Re: 110 year old car with record engine restored and running

Posted: 2015-07-05 10:15pm
by SpottedKitty
Broomstick wrote::shock:
Uh... there is fire shooting out of the thing!

Not so much "chitty-chitty-bang-bang" as "KA-BOOM! KA-BOOM!"
If you look at the way it's put together, there's pretty much no exhaust pipe. Run a modern heavyweight engine on a test stand with no exhaust, and you'll get similar sound and fury, signifying "I MUST STICK MY FINGERS IN MY EARS!!!" :wink:

FWIW, and because I just watched Lewis Hamilton win at Silverstone this afternoon :mrgreen: some types of F1 race cars also used to have almost no exhaust pipe; it's partly why they were so noisy.

Re: 110 year old car with record engine restored and running

Posted: 2015-07-06 05:52am
by LaCroix
I recently bodified a lawnmower by adding a 28hp V2( yes - 2 cylinder V - it is so ridiculous) engine. The exhaust pipe+ muffler was still in the mail, so I test-started that thing without it.

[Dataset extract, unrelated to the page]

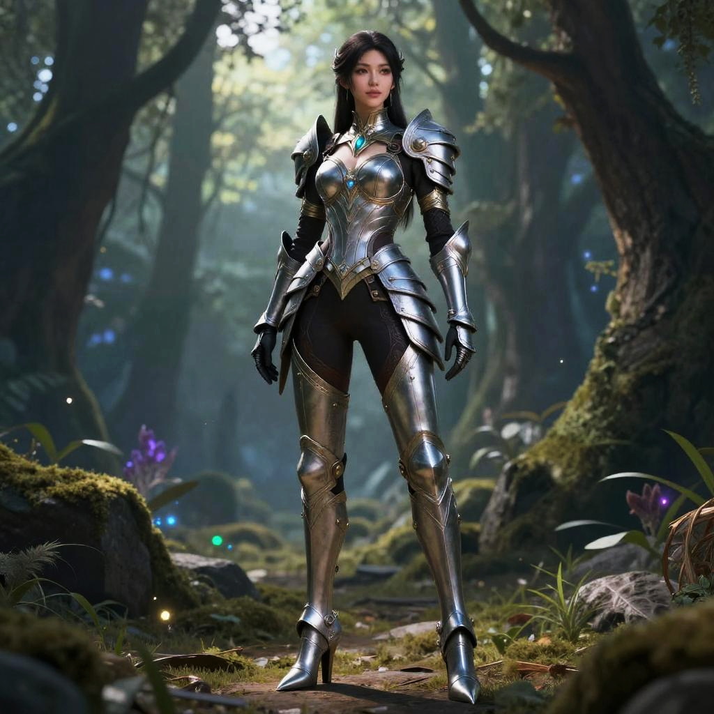 Bodysuit with heels, fantasy warrior girl, intricately designed armor bodysuit, towering sharp heels, mystical forest background, soft magical light, highly detailed character art

I kid you not - I killed it in panic for it was about as loud as this beast, and all over the stable, horses (which were used to have loud machines operating right next to them with not wven twitching) were almost throwing themselves into fences to get as far away as possible from that beast. My ears were ringing for a hour.

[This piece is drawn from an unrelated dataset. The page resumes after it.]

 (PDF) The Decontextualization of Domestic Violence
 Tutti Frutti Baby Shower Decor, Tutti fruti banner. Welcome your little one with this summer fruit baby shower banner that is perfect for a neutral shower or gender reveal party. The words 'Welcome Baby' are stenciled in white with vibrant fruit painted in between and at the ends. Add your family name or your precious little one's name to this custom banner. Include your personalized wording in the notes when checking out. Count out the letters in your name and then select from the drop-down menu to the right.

With muffler, it sounds like a normal garden variety hand-mower.

That's why you can make a 50cc moped almost sound like a harley with one small hole in the muffler - these stupid pipes make a huge difference in sound.

Re: 110 year old car with record engine restored and running

Posted: 2015-07-06 07:56am
by Irbis
Venator wrote:That's about as tenuous a connection as saying that a Rolls Royce Phantom is "distantly related" to a Centurion tank
*shrug* It's the same company, and almost the same type of car - what more do you want? :P

Re: 110 year old car with record engine restored and running

Posted: 2015-07-06 09:34am
by LaCroix
Irbis wrote:
Venator wrote:That's about as tenuous a connection as saying that a Rolls Royce Phantom is "distantly related" to a Centurion tank
*shrug* It's the same company, and almost the same type of car - what more do you want? :P
Cool, then my Stothert & Pitt roller from 54' is related to the Challenger tank? :mrgreen: :mrgreen:

Re: 110 year old car with record engine restored and running

Posted: 2015-07-06 05:25pm
by Sea Skimmer
I saw this a while ago and loved it, its on par with a moderately early steam engine for power from a cylinder but who cares, forward the arm removing chain drive!
LaCroix wrote: That's why you can make a 50cc moped almost sound like a harley with one small hole in the muffler - these stupid pipes make a huge difference in sound.
Yeah even a short pipe makes a big difference because it cools off the gas as it comes out of the chamber. This is also a huge part of how gun silencers function. After that first cooling though the pipe length becomes more relevant for providing expansion space, letting the pressure waves actually counteract each other even.